Erythrocytes take up oxygen and release carbon dioxide in the capillaries of the lung. In other tissues of the body the reverse reaction occurs; erythrocytes take up carbon dioxide from and deliver oxygen to cells. Carbonic anhydrases (CAs) are metalloenzymes that catalyze the interconversion between carbon dioxide (CO2) and water (H2O) and the dissociated ions of carbonic acid, i.e. bicarbonate (HCO3-) and protons (H+). The active site of most CAs contains a zinc ion. CAs maintain acid-base balance and help transport carbon dioxide. Depending on the concentrations of reactants, the reaction is reversible.

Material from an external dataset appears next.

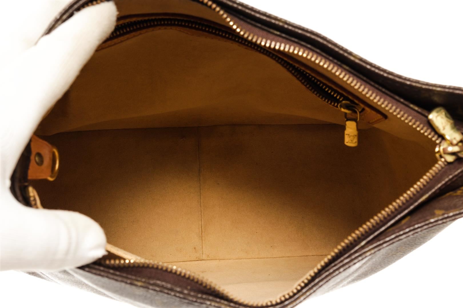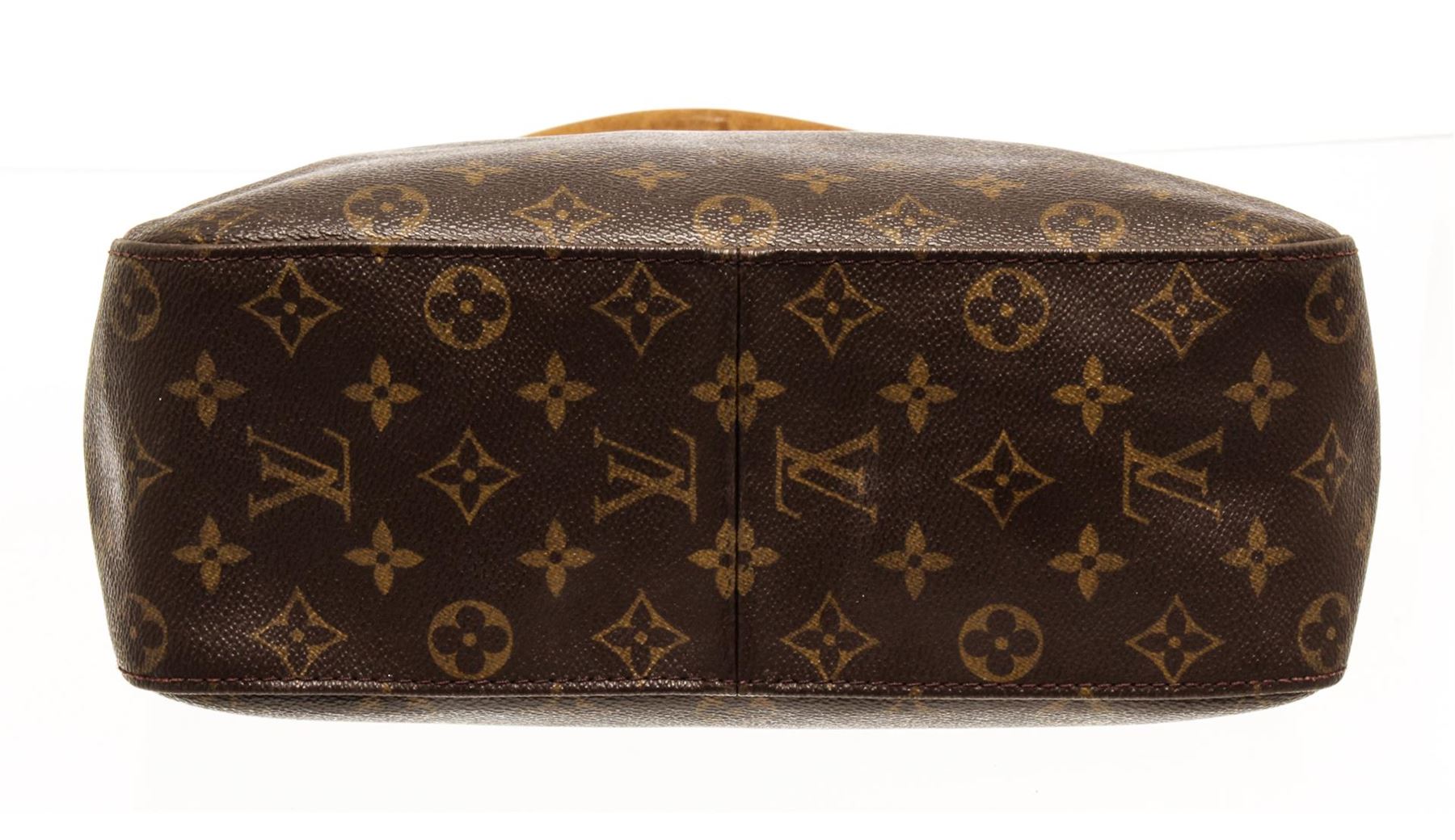 One Louis Vuitton Monogram Looping GM Handbag. Item is sold AS-IS. All available information is listed in the description and shown in the photo. Louis Vuitton Monogram Looping GM handbag with brown coated canvas exterior, beige suede lining, contrasting vachetta leather top handle, gold-tone hardware, zipper closure, and one main compartment with one zip pocket.

Carbonic anhydrase inhibitors have been developed to treat glaucoma via their effect on reducing intraocular pressure and decreasing aqueous humor and in managing seizures in various epileptic conditions (Supuran et al. 2003). In the ocular ciliary processes, the local production of bicarbonate by CAs promotes sodium and fluid transport. CA2 is a key isoenzyme found primarily in red blood cells (RBCs) that regulates aqueous humour production (Balfour et al. 1997, Hasegawa et al. 1994). The inhibition of CA2 in the ciliary process disrupts the formation of bicarbonate ions and reduces sodium and fluid transport, which leads to decreased aqueous humour secretion and reduced intraocular pressure (Sugrue 1996, Sugrue 2000, Iester 2008). Brinzolamide, dorzolamide, diclofenamide, ethoxzolamide and methazolamide are topical carbonic anhydrase (CA) inhibitors that treats elevated intraocular pressure (IOP) associated with open-angle glaucoma and ocular hypertension (Mincione et al. 2008).

Acetazolamide, toprimate, sultiame and zonisamide are effective in the treatment of most types of seizures, including generalized tonic-clonic and focal seizures and absence seizures (Hamidi & Avoli 2015, Aggarwal et al. 2013). They are thought to reduce seizures through the inhibition of CA, thereby increasing CO2 levels in the brain.